Supervisors' hands 'cuffed' when it comes to conservation easements

 


When it comes to allowing conservation easements, the answer is clear for Holt County Supervisors.

conservation easements cannot be approved, based on language in the county’s comprehensive plan.

Whether the State of Nebraska understands that message isn’t so crystal clear.

When the board met in regular session, Feb. 29, in O’Neill, chairman Bill Tielke said he’d been approached by a constituent asking if the board will support conservation easements.

Holt County Attorney Brent Kelly reminded the board of the steps they went through to amend the county’s comprehensive plan.

“It says no conservation easements,” Kelly said. “It doesn’t matter how you feel now. You amended a plan that cuffed your hands."

If supervisors want the freedom to consider conservation easements, they will need to go through the same process to remove the language from the plan.

“The comprehensive plan is that very foundational zoning document,” Kelly said, adding that information about this type of easement was added to the plan twice.

The first time, it was added to the cover of the comprehensive plan.

“The specific steps, according to the statute, to my understanding were not followed, so I told you it had to be done this (second way),” Kelly said.

At that time, supervisors sent the matter to the county planning and zoning commission, public hearings were held and a recommendation not to allow conservation easements was approved.

Kelly said supervisors “worded it intentionally strong, no conservation easements allowed.”

According to the county attorney, conservation easements “are kind of a no man’s land kind of thing.”

“The statute that gives you authority to approve or deny them, here are four permissible reasons, the only one that allows you to deny is if it is contrary to your comprehensive plan.”

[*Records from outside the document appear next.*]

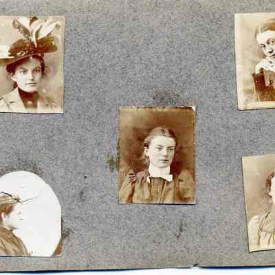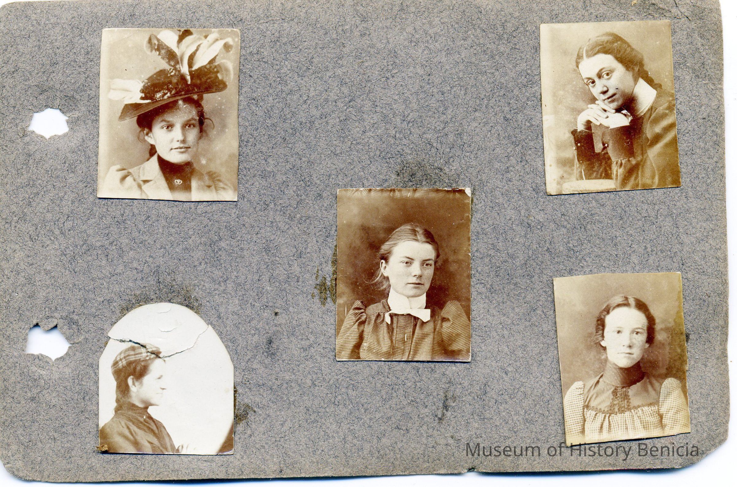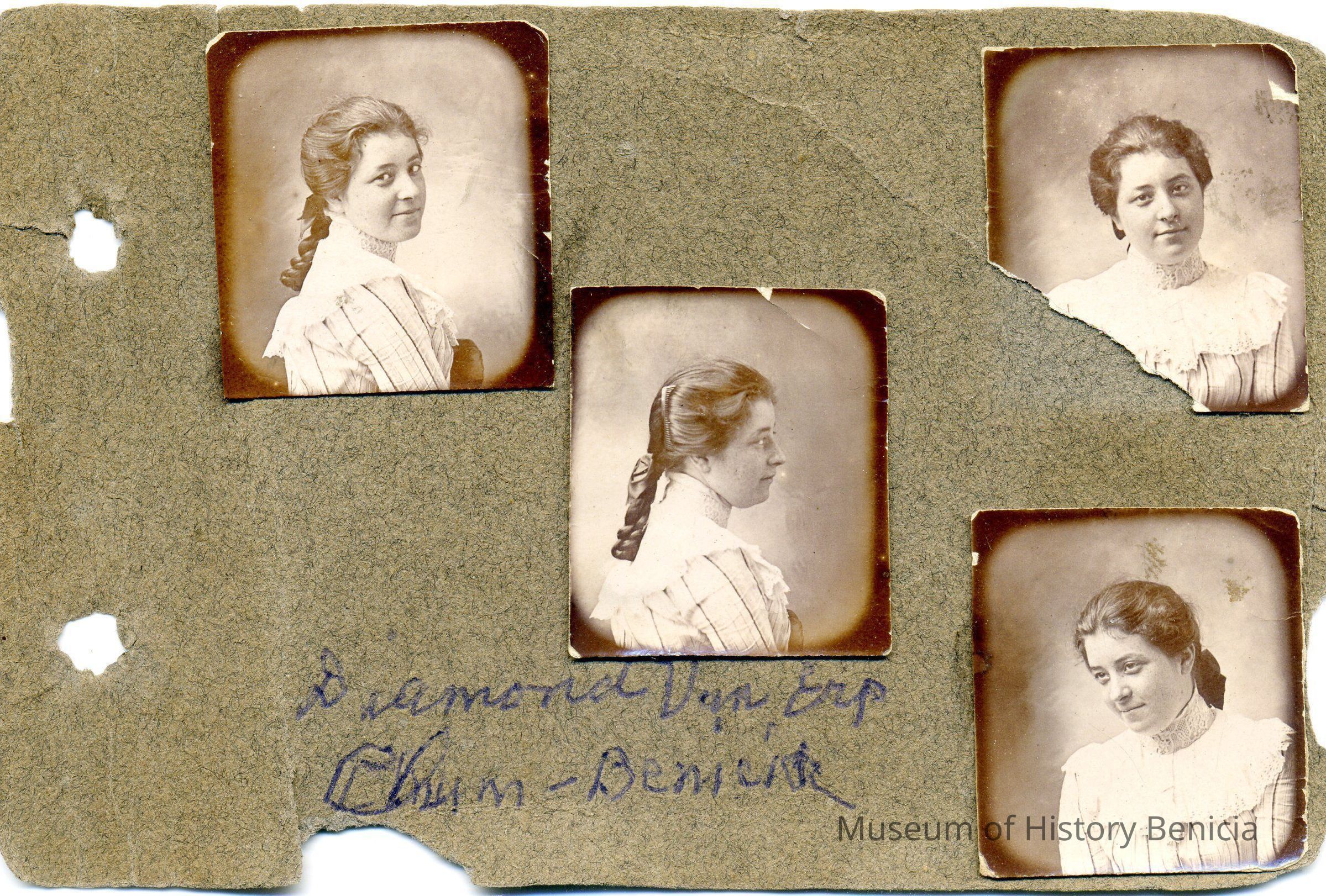Photo album of very small portraits. The book only measures 4.25" x 3". Inside are photos about 1" x .75" of various people. Only one is identified. That is a woman and the inscription says "Diamond Van Erp ??? Benicia".Collection
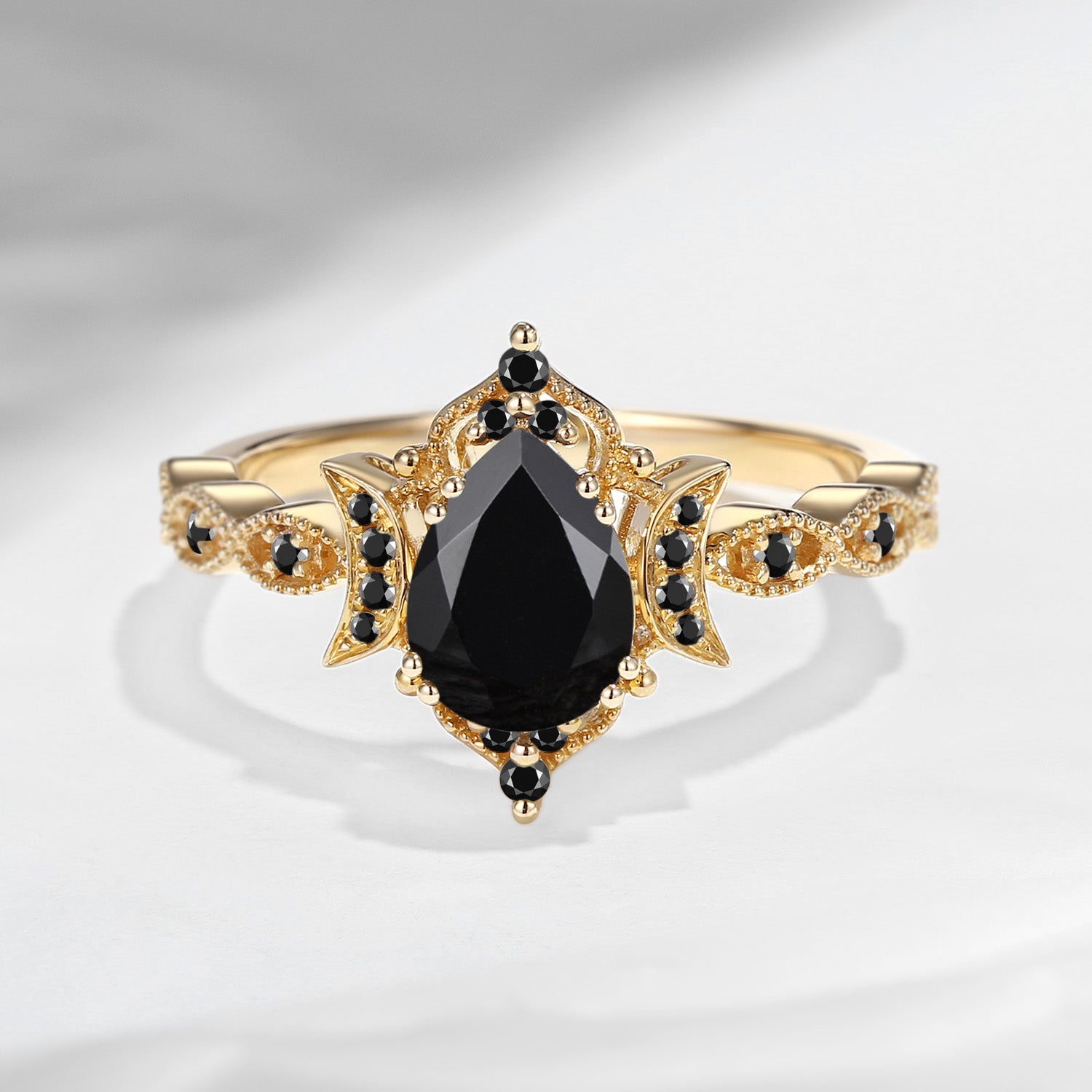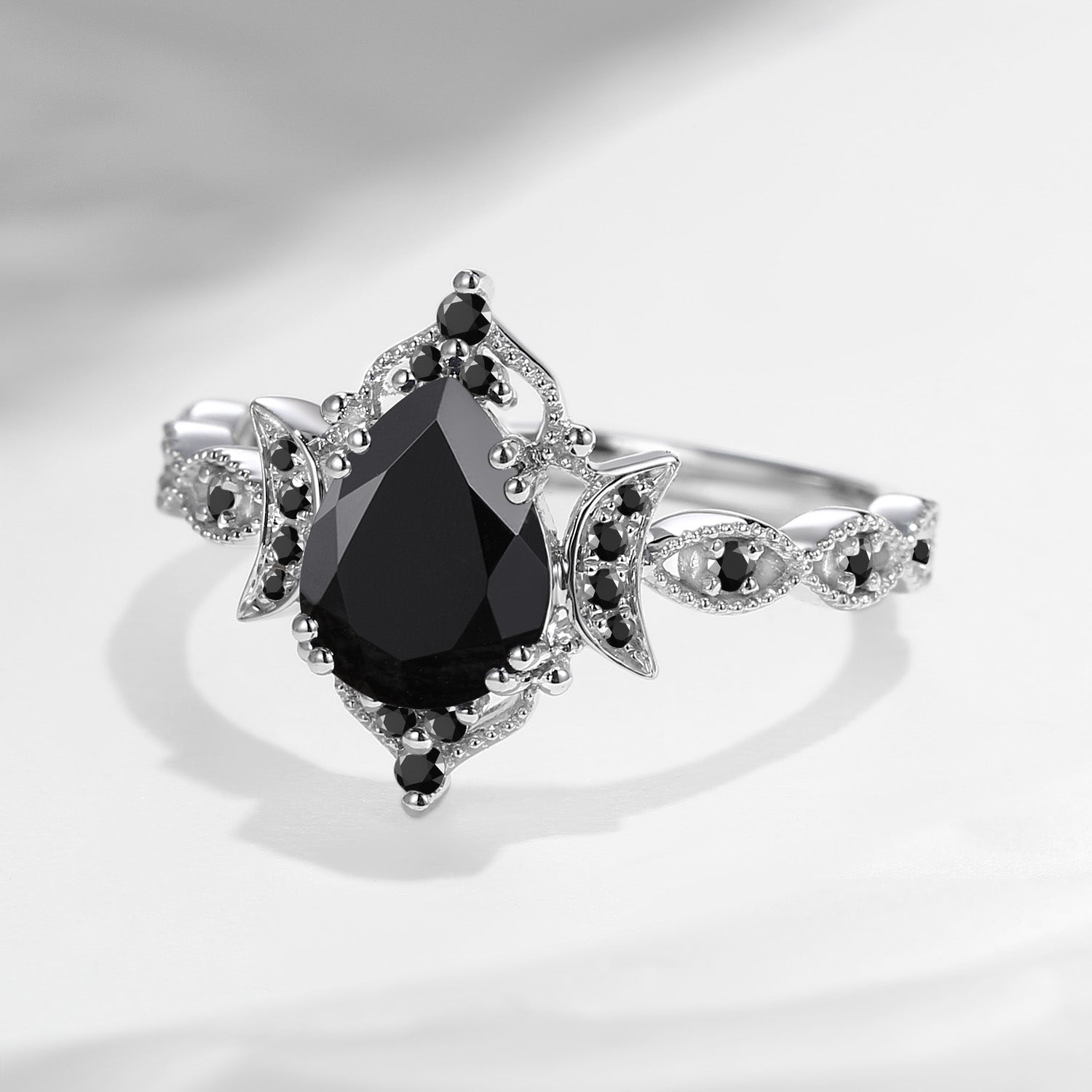 Crescent Moon | Unique Black Moissanite Engagement Ring In Pear Shape - Eclipse
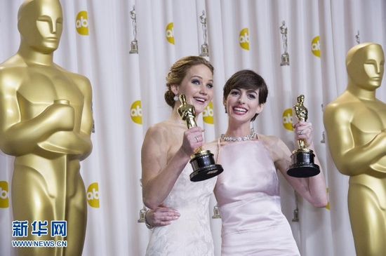 2月24日,在美國好萊塢杜比劇院,獲最佳女主角獎的詹妮弗·勞倫斯(左)和獲最佳女配角獎的安妮·海瑟薇在后臺合影。第85屆當天在美國洛杉磯好萊塢杜比劇院舉行。

The county attorney said when he read the statute, he took it for granted when a landowner approached the board about an easement and it was denied, “he’d take his ball and go home.”

That has not necessarily been the case.

Kelly said, “I also took it for granted, if the guy applying for the conservation easement, and you denied it, if he brought it to the register of deeds, the register would say, ‘We can’t file this because the board rejected it.’”

Supervisors were told, by the state, the register of deeds would file the easements.

According to Kelly, if a landowner files through that process, over the supervisors’ objection, and the register of deeds files it, landowners are unable to request a tax break.

Kelly said the other question, which doesn’t include the county, involves future implications. What if someone comes back and says the easement isn’t valid? Is it a valid contract?

“It’s never been tried in court. There’s no statute that says one way or another. That’s what we call an absurd result,” Kelly said. “But the state says you have to file the darn thing.”

Are landowners bound by a conservation easement?

That shouldn’t be a concern of the supervisors.

“That’s a private matter.”

County assessor Tim Wallinger asked if parcels in the wetland reserve program, in place prior to the updated wording in the comprehensive plan, are grandfathered in.

“WRPs in place before this were being assessed as WRP for 10 to 15 years before the zoning change,” he said.

Kelly said if they were validly completed prior to the amendment of the comprehensive plan, they are “good to go.”

“From an assessor’s standpoint, those are being assessed differently,” Wallinger said.

Kelly noted he’s talking only about conservation easements presented for consideration after the comprehensive plan was amended.